These documents may also be accessed through our website at www.hookipapharma.com. Except as otherwise specifically incorporated by reference in this prospectus, information contained in, or accessible through, our website, is not a part of this prospectus.
All reports and other documents we subsequently file pursuant to Section 13(a), 13(c), 14 or 15(d) of the Exchange Act prior to the termination of this offering, including all such documents we may file with the SEC after the date of the initial registration statement and prior to the effectiveness of the registration statement, but excluding any information furnished to, rather than filed with, the SEC, will also be incorporated by reference into this prospectus and deemed to be part of this prospectus from the date of the filing of such reports and documents.

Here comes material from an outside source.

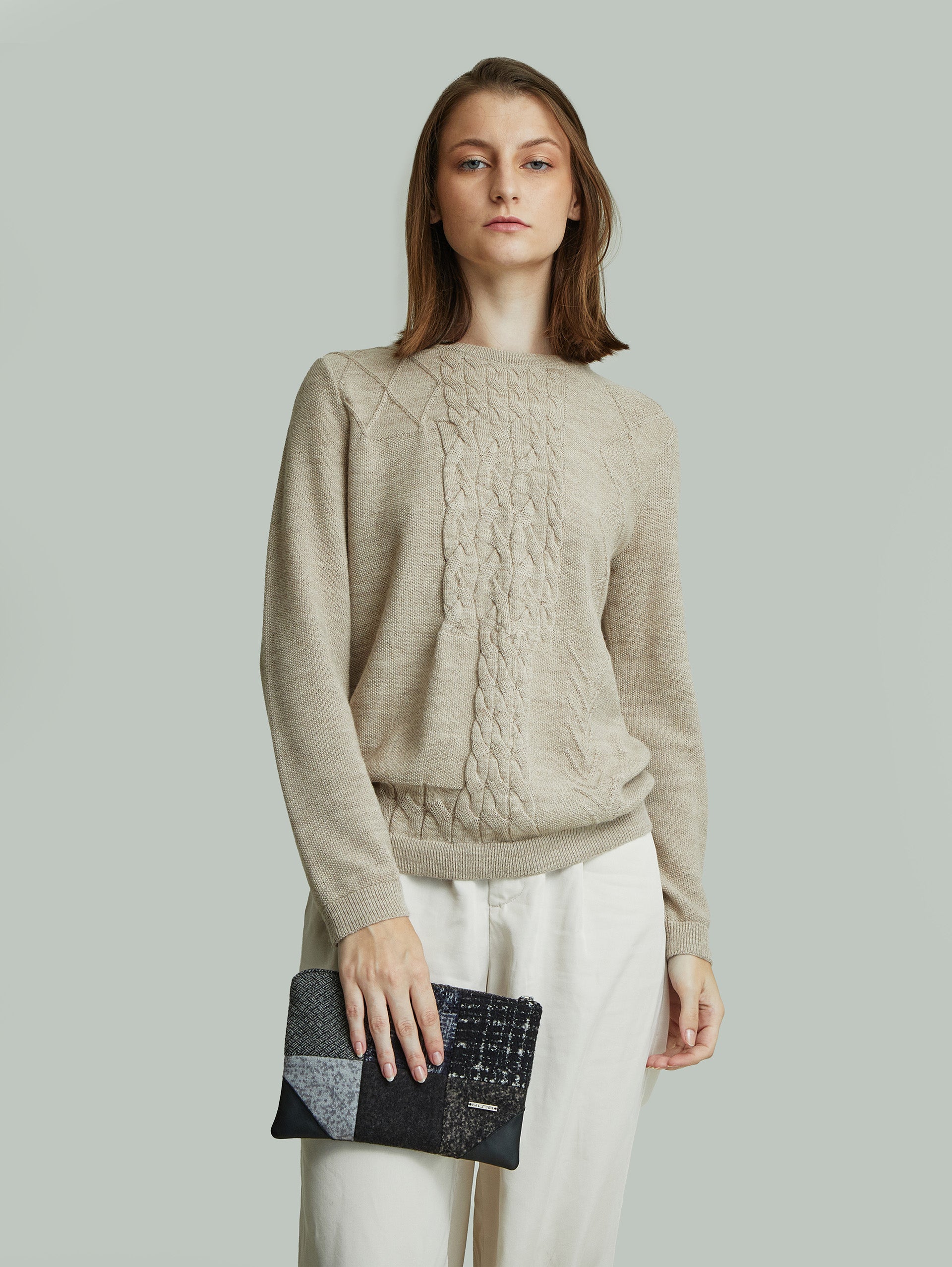 El clutch Patchwork es una fusión encantadora de alpaca, lana y nylon, combinando colores y patrones en un diseño único. Cada puntada resalta la creatividad y habilidad artesanal. Disponible en tres combinaciones exclusivas, este accesorio de mano añade funcionalidad y estilo a tu outfit. | Material predominante: Alpaca y Lana

You may request a free copy of any of the documents incorporated by reference in this prospectus by writing or telephoning us at the following address:
HOOKIPA Pharma Inc.
350 Fifth Avenue, 72nd Floor, Suite 7240
New York, New York 10118
+43 1 890 63 60
Exhibits to the filings will not be sent, however, unless those exhibits have specifically been incorporated by reference in this prospectus or any accompanying prospectus supplement.
You should rely only on information contained in, or incorporated by reference into, this prospectus and any accompanying prospectus supplement. We have not authorized anyone to provide you with information different from that contained in this prospectus or incorporated by reference in this prospectus.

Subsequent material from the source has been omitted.